I have most taught at universities, where we share offices. Teachers are only at their desks on average 2-4 hours a day, and everyone has individual timetables, so there are different combinations of people at any one time. It is a lovely atmosphere and my colleagues are mostly like-minded individuals. We share ideas and talk, mostly about work, and there are some who are genuine friends. I know this is different from everyone being at their desks 9-5.

I only had an 'office job' once, as an editor, and I didn't get on with it at all. Everyone worked in complete silence and there was very little communication between people generally. No one had any idea what the others were doing. I hated it! But that was on in Britain, so it may be completely different here.
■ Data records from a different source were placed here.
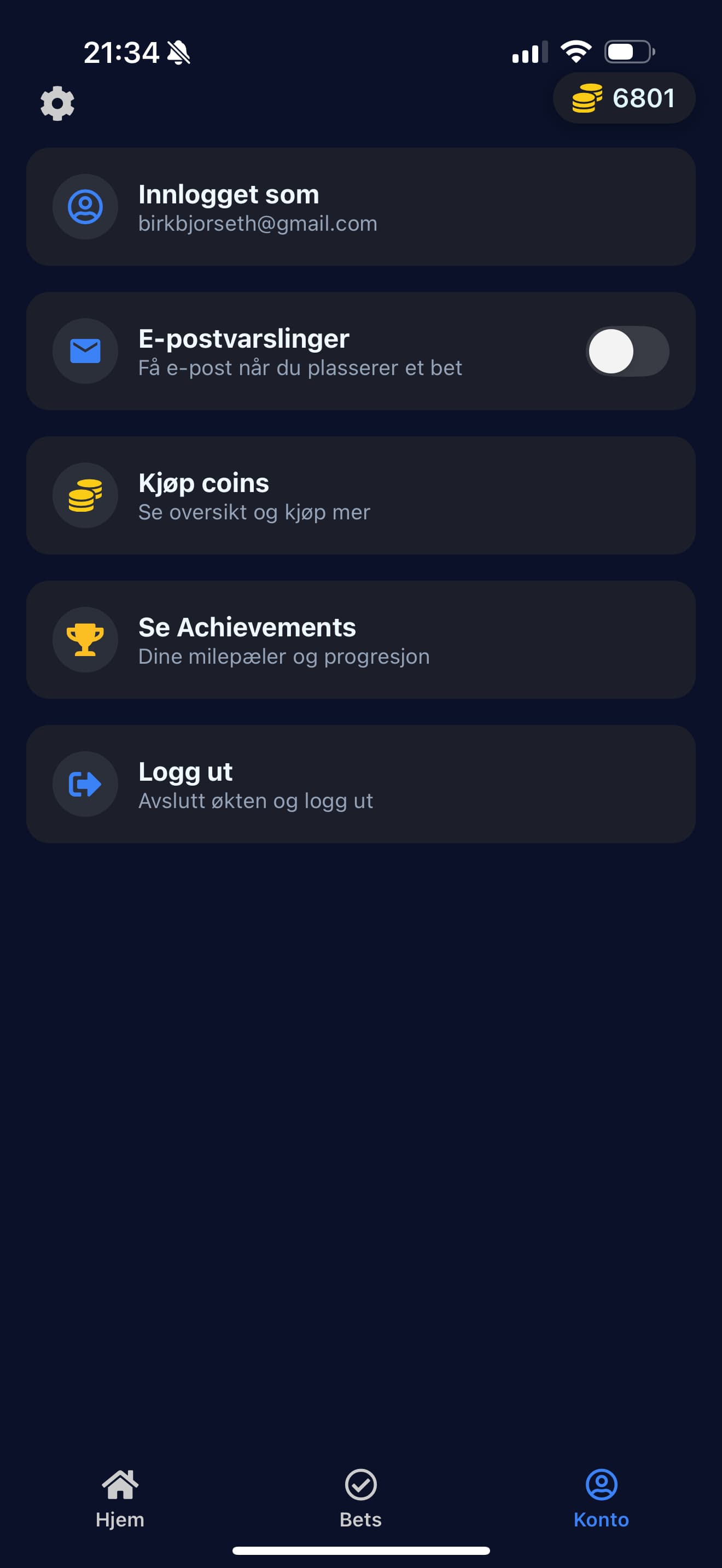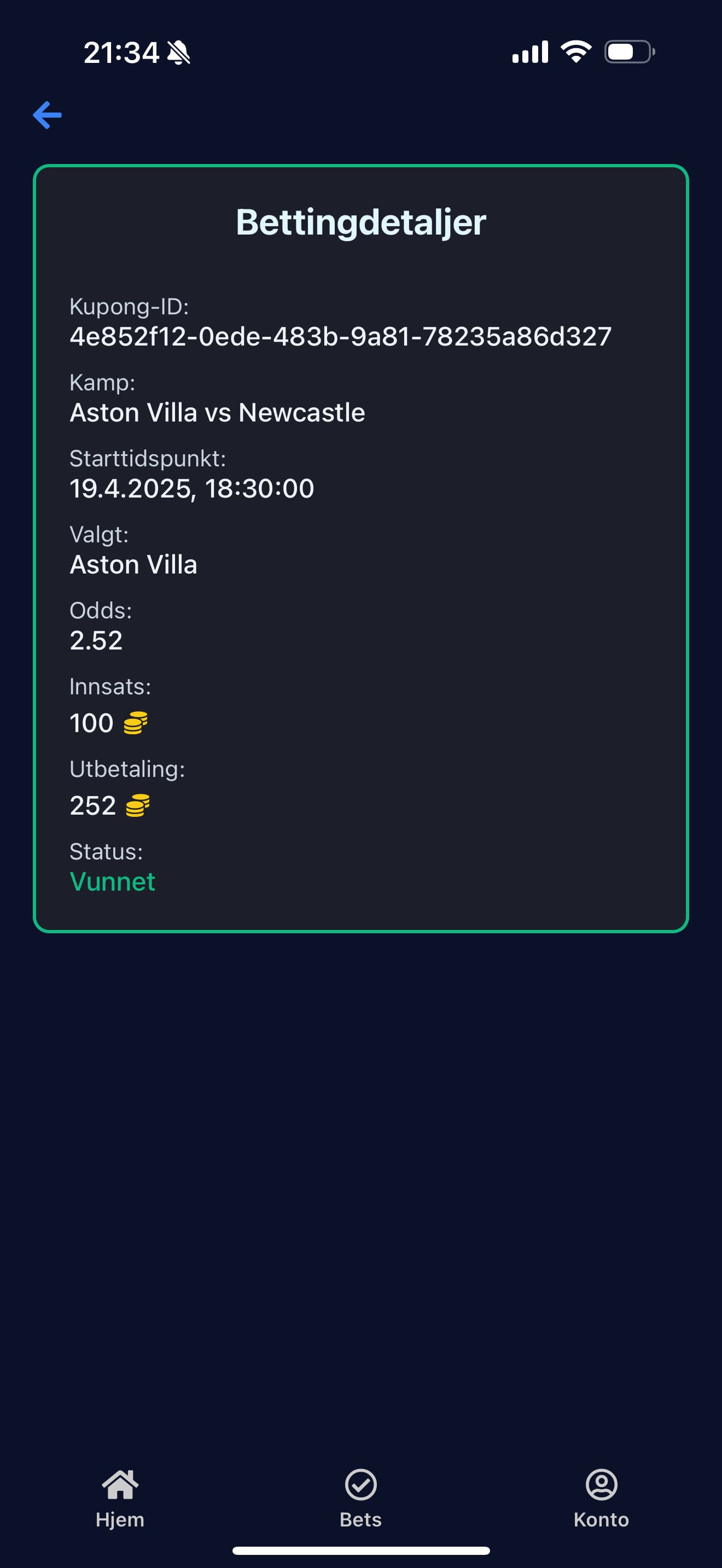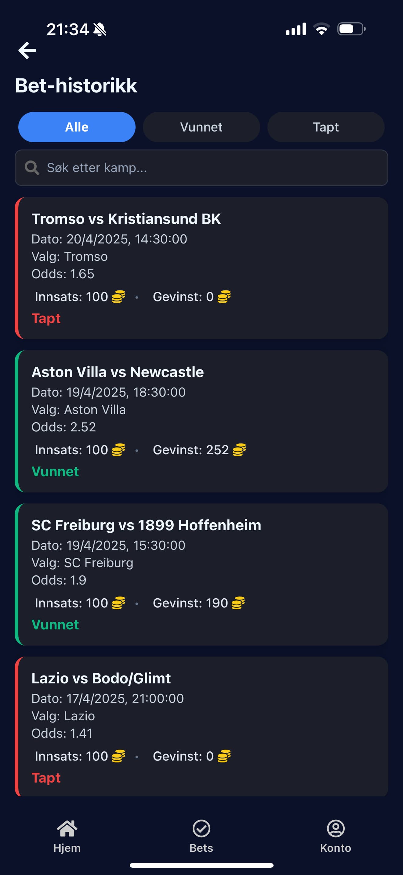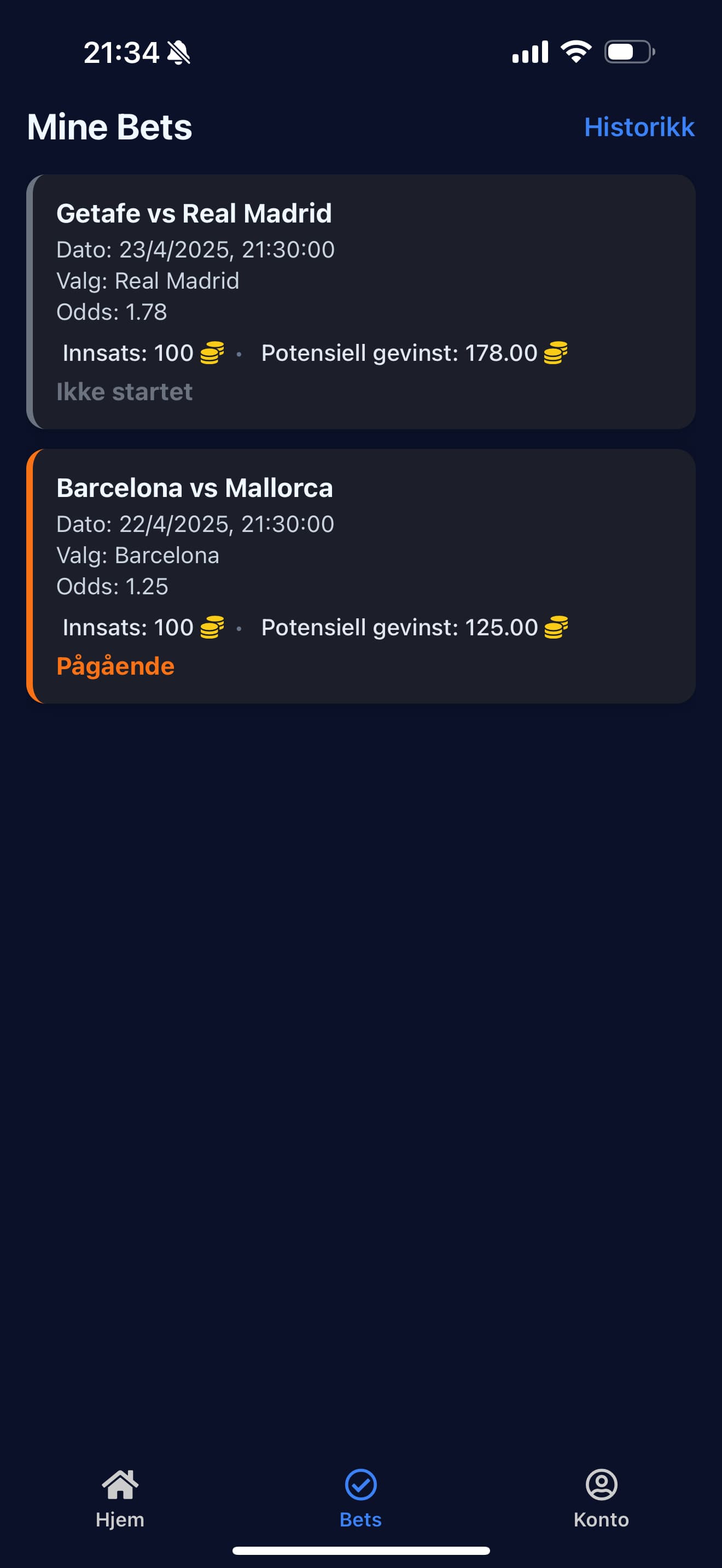 Mobilspill for sportsbetting basert på ekte fotballkamper, men uten bruk av ekte penger. Appen henter kamper og odds fra eksterne API-er og lar brukere plassere spill med virtuelle coins. Brukere mottar startbalanse ved registrering, kan følge åpne bets og får automatisk oppdatert saldo når kampene er ferdigspilt. Applikasjonen er bygget i React Native, og bruker Supabase til autentisering, database og backend-logikk. Det er også implementert frivillig kjøp av virtuelle coins via Stripe.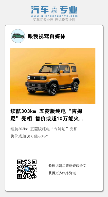尺寸方面,申报信息显示其长宽高分别为3381/1685/1721mm,轴距为2110mm,配备3门4座。对比一下老款吉姆尼,其车身长度为3695mm,轴距为2250mm,同样提供3门4座,尺寸上相较悦也更大,也可以看出五菱仍然在巩固纯电小微车市场。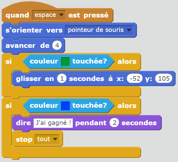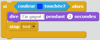 - A l’intérieur utilisez un bloc qui affiche « j’ai gagné » puis ajouter un bloc "stop tout".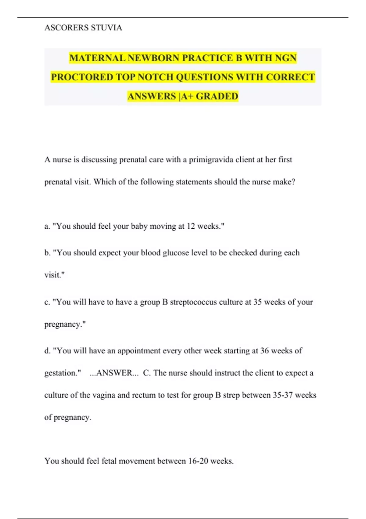MATERNAL NEWBORN PRACTICE B WITH NGN PROCTORED TOP NOTCH QUESTIONS WITH CORRECT ANSWERS |A+ GRADED MATERNAL NEWBORN PRACTICE B WITH NGN PROCTORED TOP NOTCH QUESTIONS WITH CORRECT ANSWERS |A+ GRADED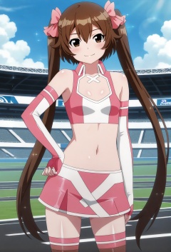 masterpiece, best quality, very aesthetic, absurdres, sensitive, scenery, 1girl, solo, looking at viewer, cowboy shot, long shot, symmetrical,shiny skin, tsukisato kirari(race queen cos),brown hair,very long hair,twintails with pink ribbon,brown eyes,bangs,hair between eyes,small breasts,pink shirts wth white center,collared shirts,sleeveless,white-trimmed neckline,white cross neck ornament,crop top,midriff,navel,pink skirt with white cross pattern,pink miniskirt with white trim,pink upper-arm band,vertically split color elbow gloves,half pink half white gloves,two-tone split down the middle elbow gloves,fingerless gloves,brown thighhighs with pink trim, gyrozetter race queen(costume), smile, blush, closed mouth, random poses, racing circuit, blue sky, sunny, <lora:月里光:0.7>, <lora:training_5701406-20260301123149785:0.9>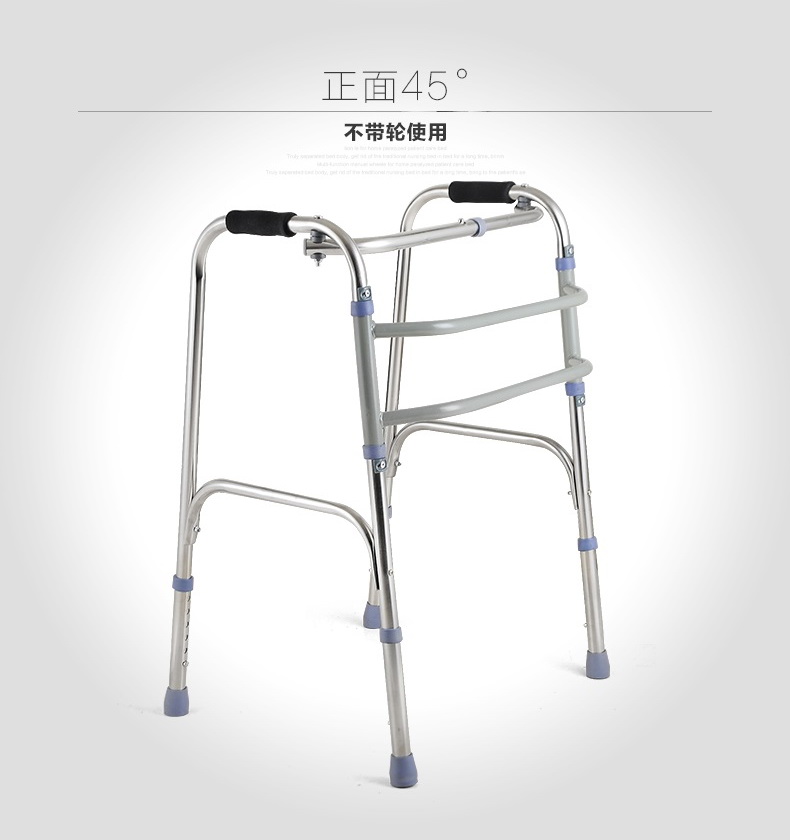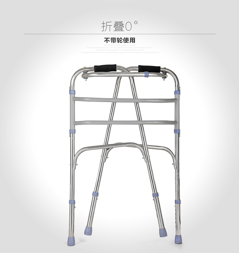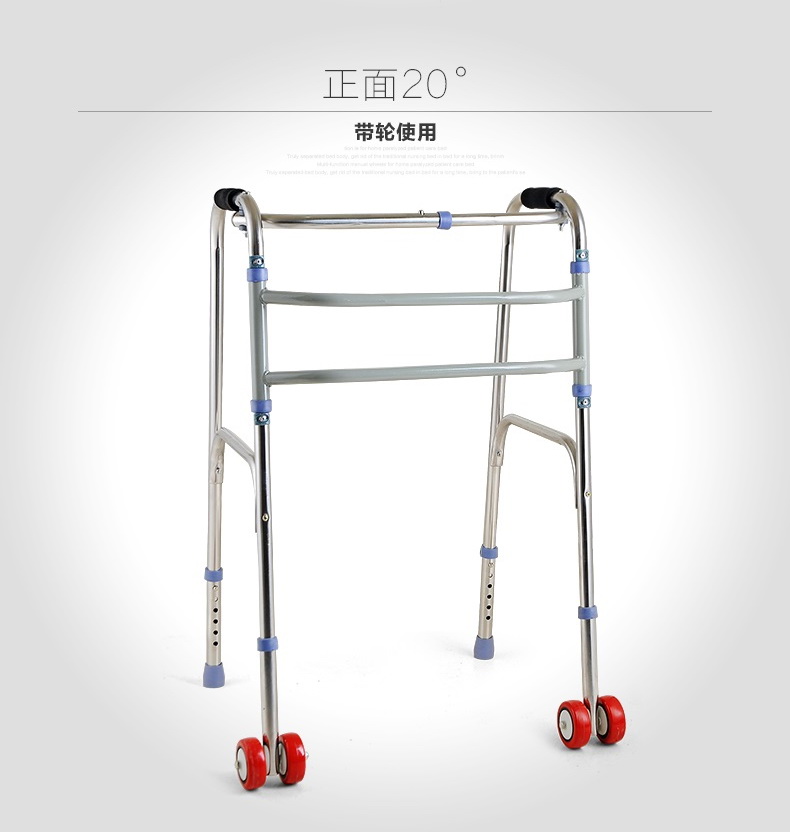 Elderly walker 4 feet with wheel elderly crutch Foldable double bar stainless steel walker Four corner cane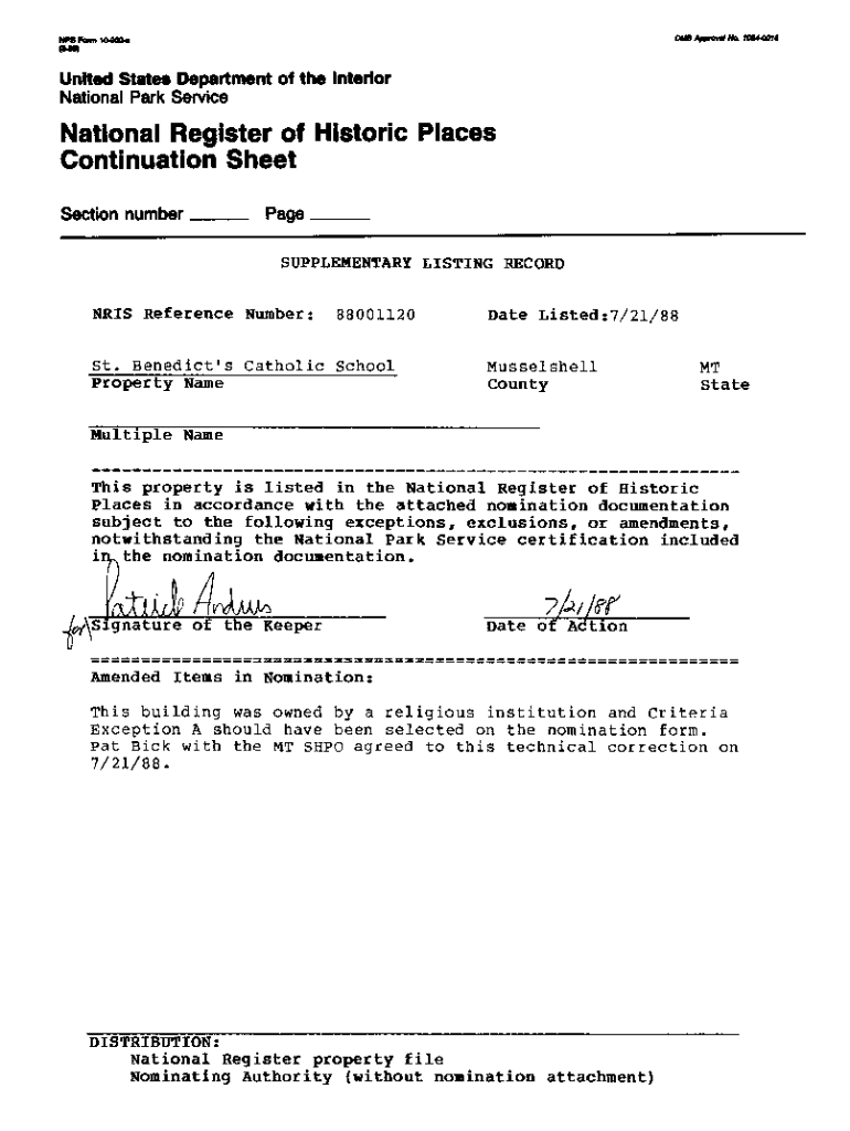0 MB Afro** Ma. 1 OMOOf8NPSFm1O00United States Department of the Interior National Park ServiceNational Register of Historic Places Continuation Sheet Section number Page SUPPLEMENTARY LISTING RECORDERS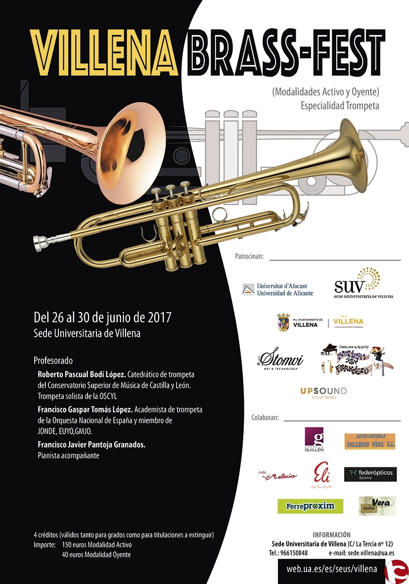 modalidades activo y oyente, en especialidad trompeta. Más información y matrícula en la Sede Universitaria (La Tercia nº 12) o www.web.ua.es/es/seus/villena.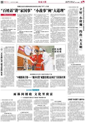 “婦女兒童要愛護,留守老人要關注;尊老愛幼好傳統,良好家風美名傳”;“提倡婚事新辦、反對高額彩禮,提倡勤儉節約、反對大操大辦”;“破除陳規棄陋習,倡導文明新風尚;紅白喜事不浪費,事前報備理事會;移風易俗除舊習……”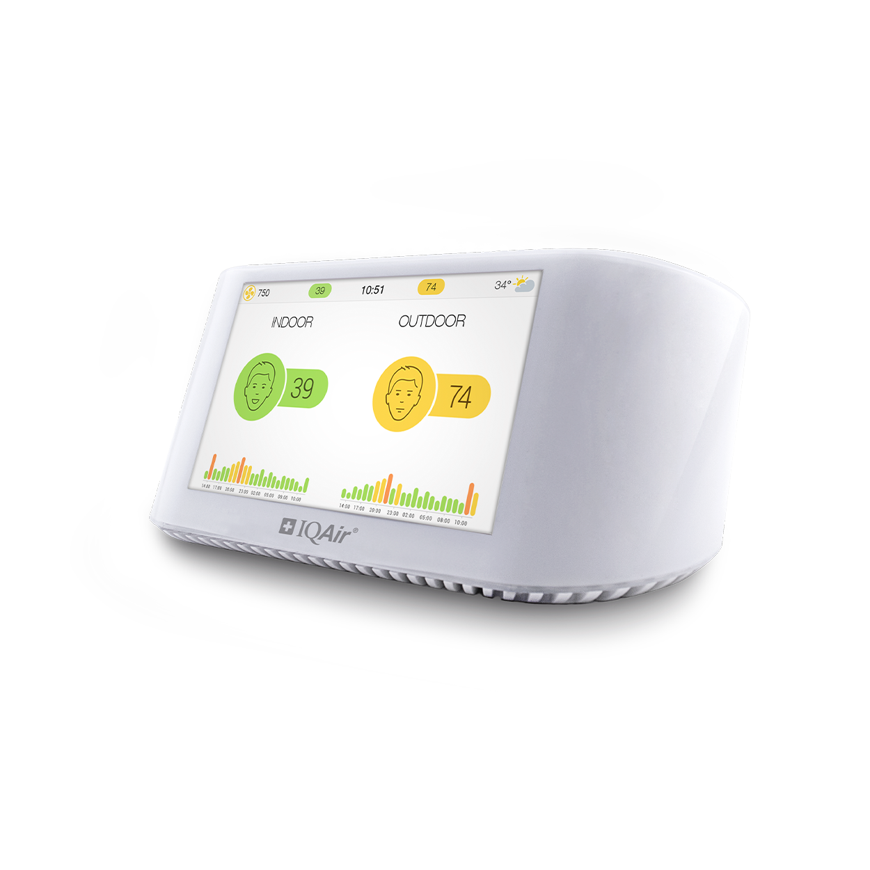 AirVisual Pro може да показва показания за качеството на въздуха едно до друго, така че да можете да сравните качеството на въздуха вътре с това на открито. Уредът ще сравнява показанията от сензора на Pro с тези на най-близката официална мониторингова станция, така че потребителите да знаят кога да проветряват. AirVisual Pro разполага със скала за индекс на качеството на въздуха от 0-500, която представя нивата на замърсяване на въздуха във лесен за четене формат. Цветно кодираните икони със скалата за качество на въздуха ви позволяват бързо да видите какво е качеството на въздуха.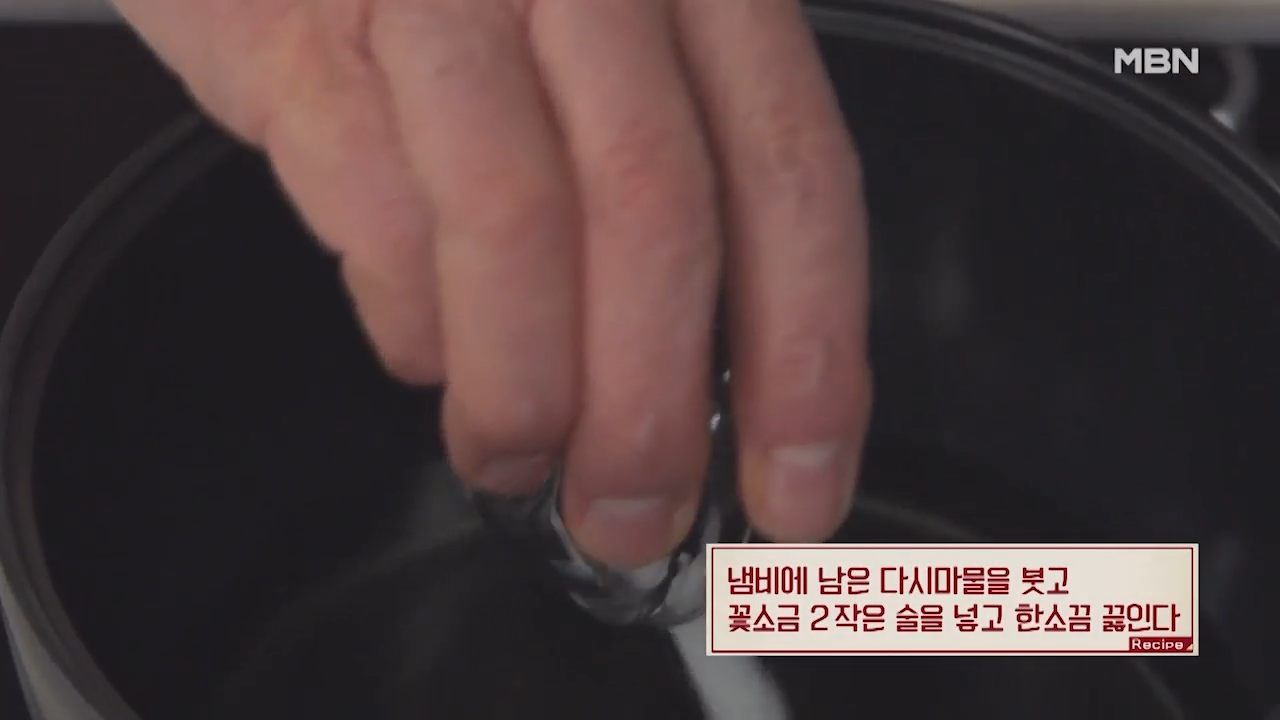 ▶꽃소금 2 작은 술을 넣고 한번 끓어오를 때(한소끔)까지 끓여줍니다.

I have also worked at home and didn't like the solitude. I like being around people and the background noise of an office, so would not rush to work from home again.

threestepsforward · 08/01/2014 21:12

I never made it in to 1 of my office jobs on the first day Blush I went all the way in by bus, hopped off at the right stop, crossed the road and went home on the next bus going the opposite way!

How right I was, that job was a nightmare, SO much backstabbing and bitching the minute anyone and everyone left the room. Horrible.

I had an interview for another job and had nothing to wear so ended up wearing my pyjama bottoms, and still got the job Grin I lasted a year in that one, which was my best performance.

Whoever it was who mentioned dreading their birthday party, if it helps, the aforementioned bitch office organised a leaving party for me and I didn't go!

I think I am probably an introvert too. The above makes me sound very flaky, but I have been self-employed for 15 years so I'm sure it was all about the fit, I didn't fit in an office, any office!

RandyRudolf · 08/01/2014 21:20

I had an interview for another job and had nothing to wear so ended up wearing my pyjama bottoms, and still got the job

Grin that is fantastic!

LauraBridges · 08/01/2014 21:23

I've just ordered the book Quiet - thanks to the person who recommended it. I work for myself mostly on my own and it's absolutely wonderful. When I have days like tomorrow with people here I really dread them and suffer them only for the money. I now know what I like and don't like and can organise my life accordingly which is marvellous and one of the nicer things about being over 40.

I think the years in the City in an office were necessary and useful for me in career development terms etc but I am so glad I left that behind. So much of my work can be done by email these days. I'm very lucky.

TheNunsOfGavarone · 08/01/2014 21:30

Cat flaps on office doors is a great idea and those barbarians people who don't like cats can just lock theirs, to stop the cats invading their private space.

I do agree with whoever it was said that offices do at least provide opportunity to wear smarter clothes than one would ordinarily wear at home. I don't like suits, but enjoy the smart-casual stuff in my wardrobe and most of that has stayed unworn since I left my last job.

I am enjoying the discussion about introverts/extroverts and must read that book. These seem to be quite frequently misunderstood concepts.